# new puzzle

• Oct 8th 2007, 07:42 PM
samsum
new puzzle
You are equipped with two 2's, three 3's, and the ability to combine them using addition, subtraction, multiplication, division, and exponentiation.

Create all of the integers from 37 to 67 (inclusive).

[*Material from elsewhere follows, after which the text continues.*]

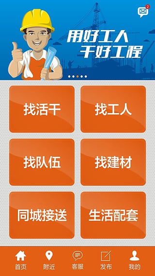 开通找活干、找工人、发布、附近找活干和找工人几个栏目。可以方便的在平台上找活干和找工人。

You may use any number of parentheses to control the order of operations and need not use all five numbers each time.

For example: 11 = 2^3 + 3
where 2^3 means 2 to the 3rd power
• Oct 10th 2007, 04:10 PM
Soroban
Hello,samsum!

This wasn't too bad . . .

Quote:

You are equipped with two 2's, three 3's, and the ability to combine them
using addition, subtraction, multiplication, division, and exponentiation.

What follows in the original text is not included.